Construction and validation of nomograms based on the log odds of positive lymph nodes to predict the prognosis of lung neuroendocrine tumors

Abstract

Background: This research aimed to investigate the predictive performance of log odds of positive lymph nodes (LODDS) for the long-term prognosis of patients with node-positive lung neuroendocrine tumors (LNETs).
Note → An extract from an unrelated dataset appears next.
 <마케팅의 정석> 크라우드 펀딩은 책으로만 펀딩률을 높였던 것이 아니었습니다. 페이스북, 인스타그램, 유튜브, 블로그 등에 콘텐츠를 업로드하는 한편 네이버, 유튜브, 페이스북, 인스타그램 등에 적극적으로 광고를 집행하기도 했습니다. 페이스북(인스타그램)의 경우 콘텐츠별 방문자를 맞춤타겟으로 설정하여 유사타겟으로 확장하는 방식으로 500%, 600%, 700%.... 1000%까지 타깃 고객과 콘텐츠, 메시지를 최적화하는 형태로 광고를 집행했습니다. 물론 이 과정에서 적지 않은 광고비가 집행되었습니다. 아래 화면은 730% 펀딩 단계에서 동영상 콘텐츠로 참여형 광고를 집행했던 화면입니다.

Methods: We collected 506 eligible patients with resected N1/N2 classification LNETs from the Surveillance, Epidemiology, and End Results (SEER) database between 2004 and 2015. The study cohort was split into derivation cohort (n=300) and external validation cohort (n=206) based on different geographic regions. Nomograms were constructed based on the derivation cohort and validated using the external validation cohort to predict the 1-, 3-, and 5-year cancer-specific survival (CSS) and overall survival (OS) of patients with LNETs. The accuracy and clinical practicability of nomograms were tested by Harrell's concordance index (C-index), integrated discrimination improvement (IDI), net reclassification improvement (NRI), calibration plots, and decision curve analyses.
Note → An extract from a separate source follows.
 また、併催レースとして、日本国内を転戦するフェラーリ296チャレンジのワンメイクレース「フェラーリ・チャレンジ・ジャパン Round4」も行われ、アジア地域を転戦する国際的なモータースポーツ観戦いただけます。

Results: The Cox proportional-hazards model showed the high LODDS group (-0.79≤LODDS) had significantly higher mortality compared to those in the low LODDS group (LODDS<-0.79) for both CSS and OS. In addition, age at diagnosis, sex, histotype, type of surgery, radiotherapy, and chemotherapy were also chosen as predictors in Cox regression analyses using stepwise Akaike information criterion method and included in the nomograms. The values of C-index, NRI, and IDI proved that the established nomograms were better than the conventional eighth edition of the TNM staging system. The calibration plots for predictions of the 1-, 3-, and 5-year CSS/OS were in excellent agreement. Decision curve analyses showed that the nomograms had value in terms of clinical application.
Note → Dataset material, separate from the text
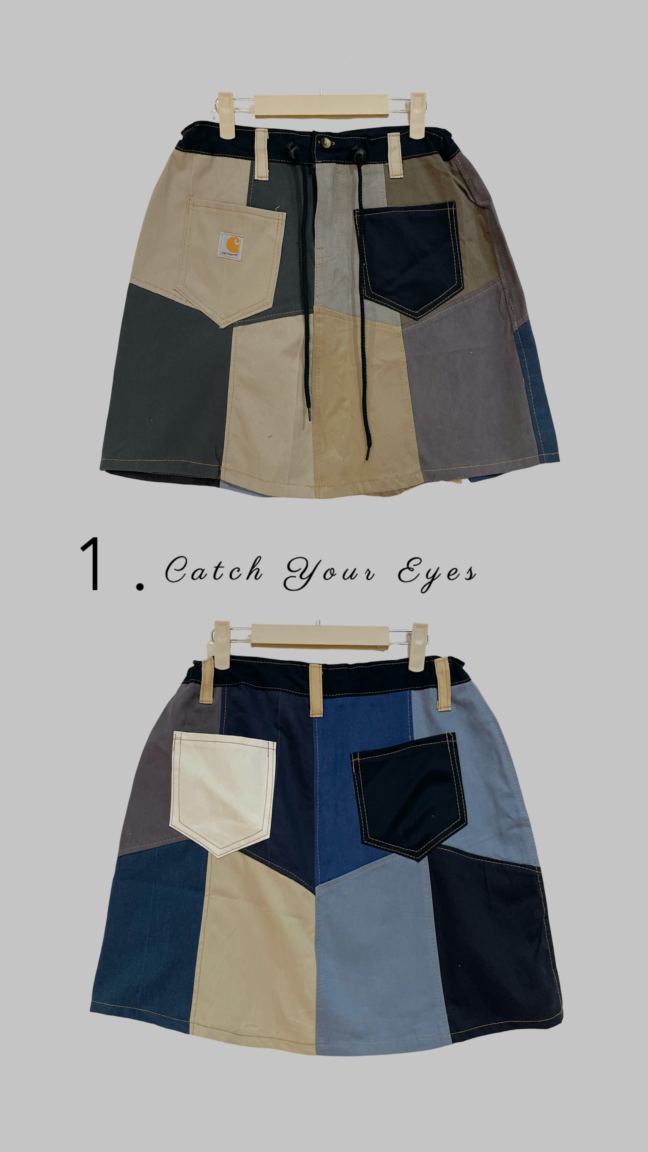 ✿眨眼有電✿ {M0012} 多款-remake carhartt拼色抽繩短裙

Conclusions: We created visualized nomograms for CSS and OS of LNET patients, facilitating clinicians to bring individually tailored risk assessment and therapy.

Keywords: log odds of positive lymph nodes; lung neuroendocrine tumor; nomogram; predictor; survival.

Figure 1

Selection of study cohort from the SEER database. AC, atypical carcinoid; LCNEC, large cell neuroendocrine carcinoma; SCLC, small cell lung carcinoma; SEER, Surveillance, Epidemiology, and End Results; LN, lymph node; TNM, tumor-node-metastasis.

Figure 2

Nomograms and quick response codes of the webservers of the nomograms to predict 1-, 3- and 5-year CSS (A) and OS (B) for patients with node-positive lung neuroendocrine carcinoma after surgery. CSS, lung cancer-specific survival; OS, overall survival; LODDS, log odds of positive lymph nodes.

Figure 3

Calibration plots of the nomograms to predict CSS and OS of the derivation dataset (A, B) and external validation dataset (C, D). CSS, lung cancer-specific survival; OS, overall survival.

Figure 4

ROC curves of the nomograms and TNM staging system for predicting 1-, 3-, 5-year CSS in the derivation dataset (A–C) and external validation dataset (D–F), and 1-, 3-, 5-year OS in the derivation dataset (G–I) and external validation dataset (J–L). ROC, receiver operating characteristic; CSS, lung cancer-specific survival; OS, overall survival.

Figure 5

DCA of the nomograms and TNM staging system for predicting 1-, 3-, 5-year CSS in the derivation dataset (A–C) and external validation dataset (D–F), and 1-, 3-, 5-year OS in the derivation dataset (G–I) and external validation dataset (J–L). DCA, decision curve analysis; CSS, lung cancer-specific survival; OS, overall survival.

Figure 6

Kaplan-Maier curves comparing nomogram-based classification with 8th AJCC TNM staging system in CSS (A, B) and OS (C, D) prediction. CSS, cancer-specific survival; OS, overall survival.